One misconception many people have is to assume that patriarchy only affects women – it doesn’t. men, women, children, all are affected by it, and while one gender has benefitted immensely with perks afforded by using “man” as a normative for many aspects of our life, this doesn’t mean that there aren’t downsides to it as well.
Similarly, what Dr. Barlas writes in Believing Women in Islam, may sound uncomfortable, heretical or even sacrilegious for many readers. But throughout the book she urges us all to keep in mind God’s self disclosure, His Tawhid, His Oneness, and to use it as a litmus test for anything preached about religion. When we accept and understand that God is One, God is Just, God doesn’t promote violence or zulm on anyone, than her arguments not only make sense, but they sound simplistically profound.
If anything, after reading Believing Women in Islam, my desire to read the Quran with translation, and engage with it epistemologically, theologically, and spiritually has only been further strengthened and renewed. Reading this book hasn’t weakened my faith or love for the Prophet PBUH, if anything it has shown me a new horizon – that actually isn’t new and has been emphasized by the Quran countless times to use our faculties to understand the Message of Allah, and find the best meaning from it.

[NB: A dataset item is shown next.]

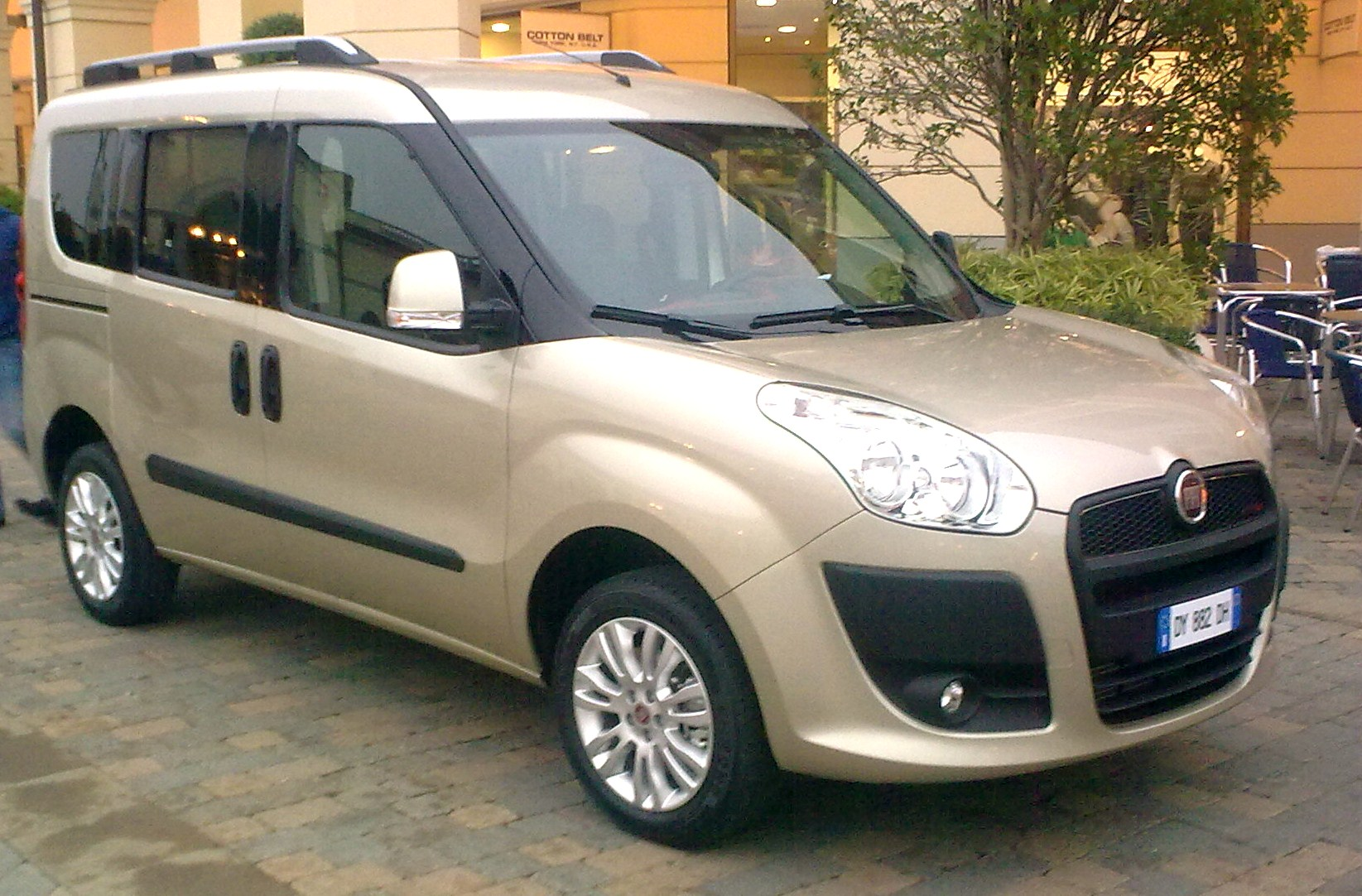 Fiat Doblò Mk2 built in Bursa, Turkey from 2009.

While Belieiving Women in Islam, does touch upon a few controversial topics like the Ayat 4:34, Hijab and the Veil, father rule, and more, I did wish she would touch upon more ayats and topics. Nevertheless, Believing Women in Islam left me with the realization that despite the Quran being near to me, waiting to be opened and understanding its message I still don’t engage with it, and sit in frustration when I see the Quran being used to cage and further oppress women, wrongfully.
I can’t wait to read more books by Dr. Asma Barlas, if she comes out with them, and to read more works by female theologians like The Sublime Quran by Laaleh Bakhtiar, The veil and the Male Elite by Fatema Mernissi, Quran and Women by Amina Wadud and more.
A few days ago, I took part in an online meeting where we got to hear Dr. Asma Barlas speak live and answer our questions, the lovely host: Sofia, uploaded the entire conversation on YouTube, so if you’re interested in knowing more about the book and hear it from the author herself, then click here.
May Allah guide us all to find the right path and the right faculties to understand His Message, and may we never stray for what He commands. Ameen.
Onto the basics:
- Rating: 5.0/5.0
- Favourite Quote: “… my objective in writing this book was to recover the scriptural basis of sexual equality in Islam and thereby to defend Islam against the claim, made by both Muslim conservatives and feminists, that it is a religious patriarchy that professes models of hierarchical relationships and sexual inequality”
- Reading Level: extremely academically dense. This is not an easy read at all.
- Should You Read It: If you’re interested in reading the Quran and understanding the egalitarian message, then definitely. This is a very articulate and well researched book.
- Would I Read It Again: Of course!!